The MeRGE HF study design has been previously described in detail.9 Briefly, prospective studies that enrolled consecutive HF patients and included comprehensive echocardiography and outcome data were identified through online searches of several medical databases and through personal communication. Using a standard systematic review approach,9 all prospective outcome studies in HF patients that included comprehensive echocardiographic assessment of diastolic filling were identified and the investigators were invited to submit their individual patient databases to a central site. Data were checked for consistency, range checks were performed, and clustering by the individual sites was evaluated. Overall, the MeRGE HF study encompasses more than 80% of the available prospective data that included comprehensive echocardiographic data as well as outcome data in well-characterized HF patients and demonstrated that RFP was associated with a 2-fold increase in the risk of death independently of LV ejection fraction (LVEF).10

Patients

The present analysis was restricted to patients with HF of nonischemic etiology and it includes data from 10 prospective studies (9 published6,11–18 and 1 unpublished) with quantitative LV volume analysis and grading of mitral regurgitation. In such studies, ischemic heart disease was diagnosed on the basis of documented previous myocardial infarction or of significant coronary artery disease on coronary arteriography, and nonischemic heart disease was diagnosed in all other cases. Wall motion abnormalities were never considered a marker of ischemic heart disease. All patients with nonischemic HF were included, except in cases where the primary cause was valvular heart disease. Since this is a study of diastolic function, patients with atrial fibrillation/flutter or a paced rhythm were also excluded. In addition, none of the studies enrolled patients with specific restrictive cardiomyopathies such as cardiac amyloidosis. The individual patient data from each study were merged into a single database (demographic, clinical, echocardiographic, and outcome). Patients were recruited and echocardiography was performed in stable outpatients or at the time of hospital discharge in inpatients.

Echocardiography

The definition of LVRFP is a dichotomous variable based on the individual site definition (based on high E:A ratio and shortened deceleration time) (n=351) or by a predetermined cut-off value for transmitral E-wave deceleration time (<140 ms) (n=250).
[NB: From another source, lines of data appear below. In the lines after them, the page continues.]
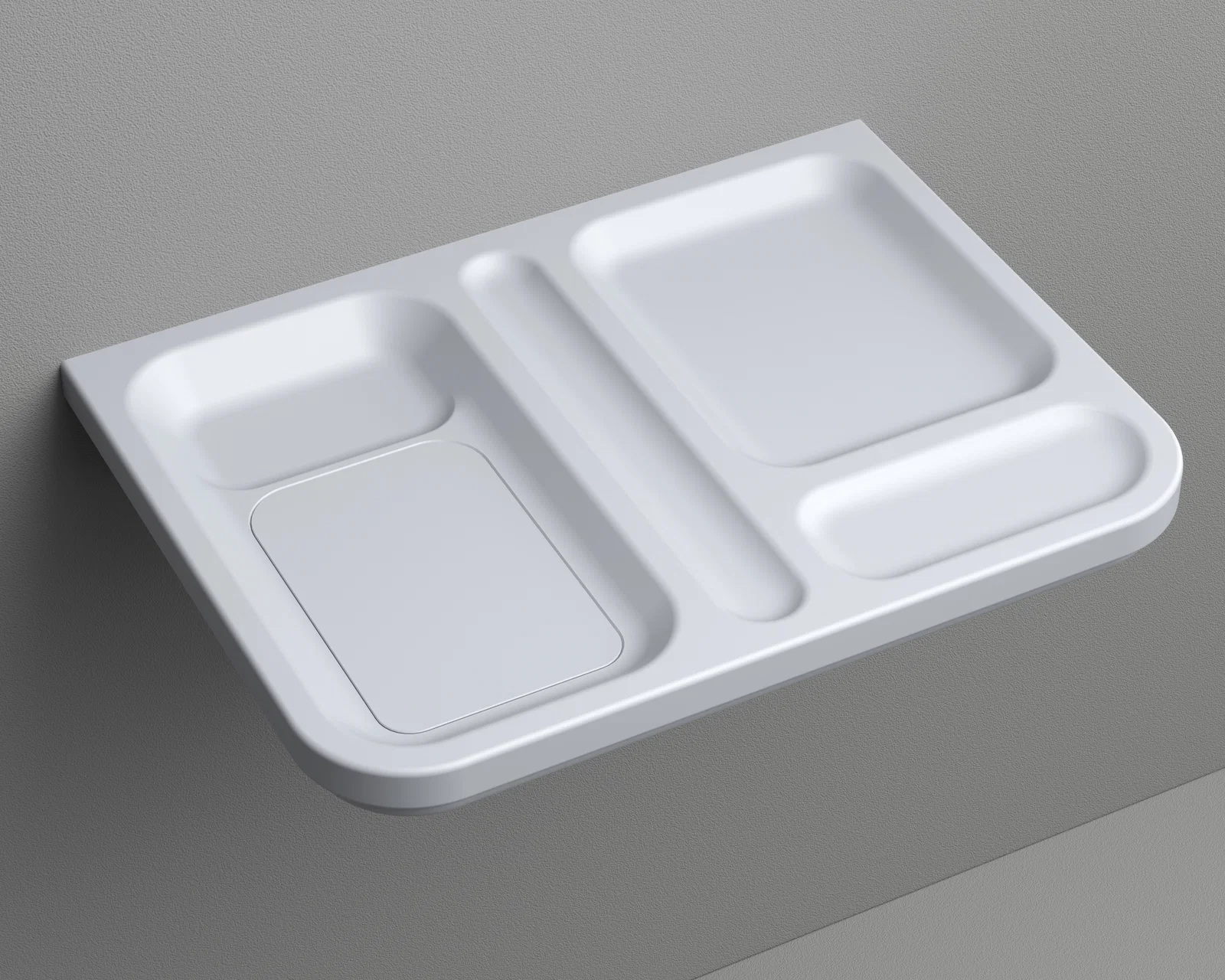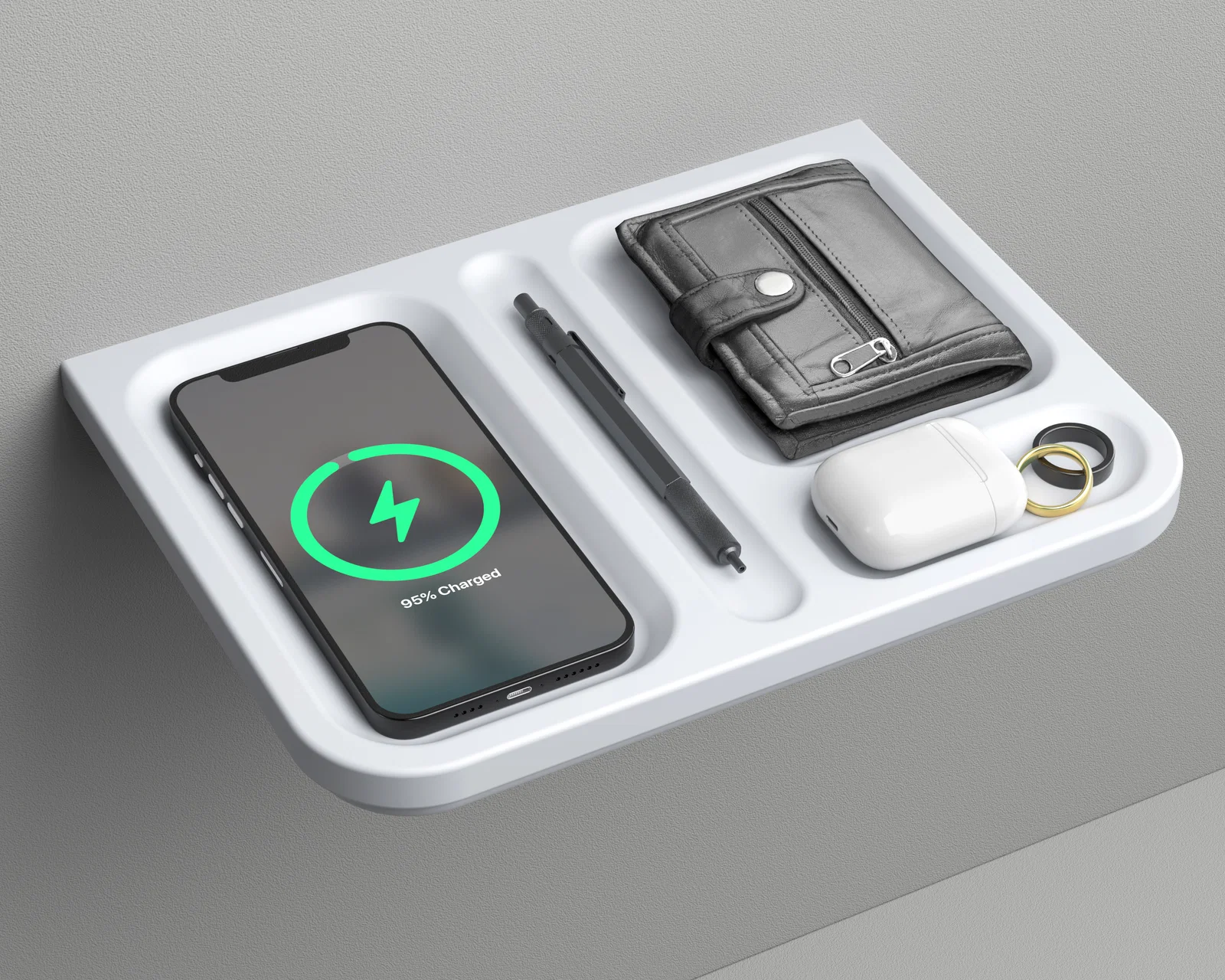 Kệ catch-all tích hợp sạc không dây gắn tường ngay trên ổ điện, giúp sạc iPhone Max/Plus gọn gàng và để EDC ngăn nắp. v2.0 nhỏ hơn, in được trên Prusa Mk3/Mk4, gắn bằng Command strips dễ tháo không hư tường.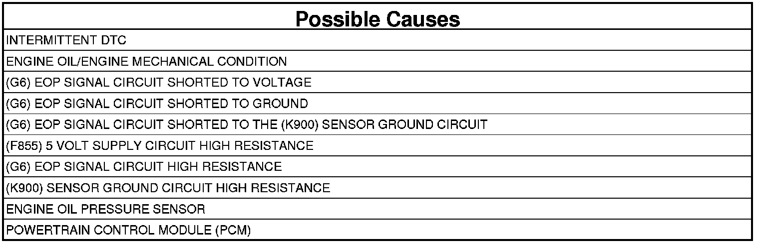 - Repair the (G6) EOP Signal circuit for a short to the (K900) Sensor Ground circuit.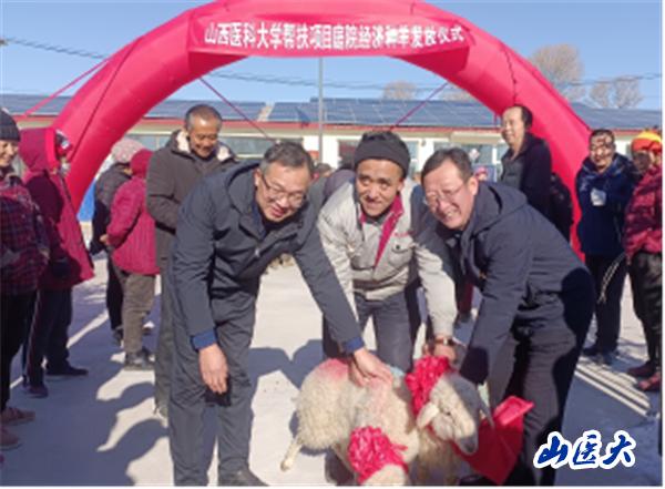 2024年1月12日,學(xué)校駐右玉縣新城鎮(zhèn)野場村工作隊(duì)在幫扶村舉行“c7c7.app幫扶項(xiàng)目庭院經(jīng)濟(jì)種羊發(fā)放儀式”,為在村56戶常住村民發(fā)放種羊。學(xué)校黨委常委、副校長、駐縣大隊(duì)長焦向英和新城鎮(zhèn)黨委書記郝義參加。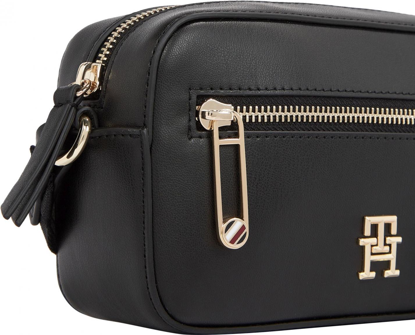 Praktische Kameratasche von Tommy Hilfiger aus der TH Iconic Camera Bag Kollektion. Das hochwertige Lederimitat im klassischen Farbton Schwarz ist pflegeleicht und lässt sich perfekt zu jedem Outfit kombinieren.
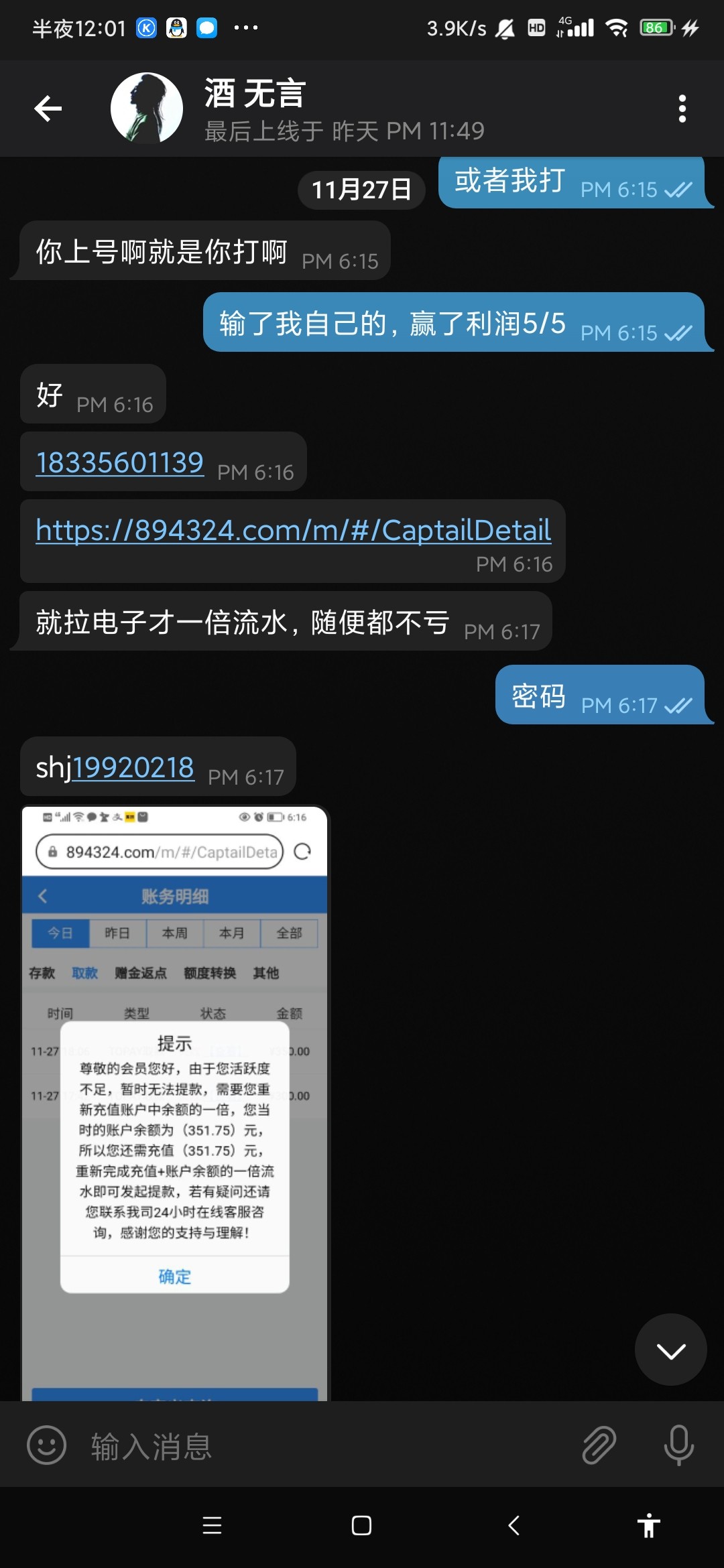充了7500打3w水要个口没问题吧 他告诉我我没充值

LV function variables included in the study were end-diastolic and end-systolic volume, LV ejection fraction (LVEF) and the degree of MR as graded by the individual site using a combination of visual assessment and quantitative methods. LVEF was estimated using validated quantitative methods (Simpson biplane method of discs or area-length method).

Statistical Methods

All data were collected and analysed by the MeRGE Coordinating Centre at the University of Auckland. The primary end point was all-cause death (or cardiovascular death where all-cause death was unavailable). All-cause death was the primary end point in a total of 430 patients and cardiovascular death was the primary end point in 171 patients. The Cox proportional hazard model, stratified by study, was used to investigate the univariate association of RFP and outcome as well as to determine independent predictors of mortality in all patients from: RFP, LV end-diastolic volume (LVEDV), LV end-systolic volume (LVESV), age, sex, New York Heart Association (NYHA) class, and the interaction of RFP and LVEDV. Patients were divided into different groups according to the sex-specific limits for LVEDV suggested by the American Society of Echocardiography (ASE).19 Group 1 included patients with normal volumes (ASE group 1). Group 2 included patients with either mild or moderate dilation (ASE groups 2 and 3). Group 3 included patients with severe LV dilation (ASE group 4). Kaplan-Meier survival analyses comparing RFP vs non-RFP for each LV volume group were performed and the Cox proportional hazards model was reapplied within each volume group, this time omitting LVEDV and the interaction term from the model. As the subset of patients with information on MR was relatively small and a potential interaction between MR and volume was of interest, a Cox proportional hazards model, stratified by study, was performed that contained LVEDV categorized as normal (ASE group 1) or dilated (ASE groups 2, 3, or 4), MR categorized as none/mild or moderate/severe, and the interaction between MR and volume. Kaplan-Meier survival analyses comparing moderate/severe MR with normal/mild MR within each of the two LV volume groups were also performed. Procedures of SAS v9.1 (SAS Institute, Cary, NC) were employed. A P value <.05 was considered significant.

Results

A total of 601 patients were included. The clinical characteristics of the study population as a whole and across LVEDV-based groups are shown in Table I. The average age of the patients was 56 years, approximately three quarters were men, and mean LVEF was 27%. RFP was present in 251 patients (42%). These patients were not different from the main MeRGE cohort of patients with HF from which they were selected. According to the sex-specific limits for LVEDV suggested by the ASE, 97 patients (16%) had normal volumes (group 1), 98 patients (16%) had mild or moderate LV dilation (group 2), and 404 patients (68%) had severe LV dilation (group 3). Age, EF, E/A ratio, deceleration time of mitral inflow, and the proportion of RFP and death were similar in all groups, but there was a greater proportion of women in group 3 (Table I). In a subset of 252 patients, information was available on the degree of MR at echocardiography. As shown in Table II, the characteristics of these patients were similar to those of the entire population, with the exception of younger age.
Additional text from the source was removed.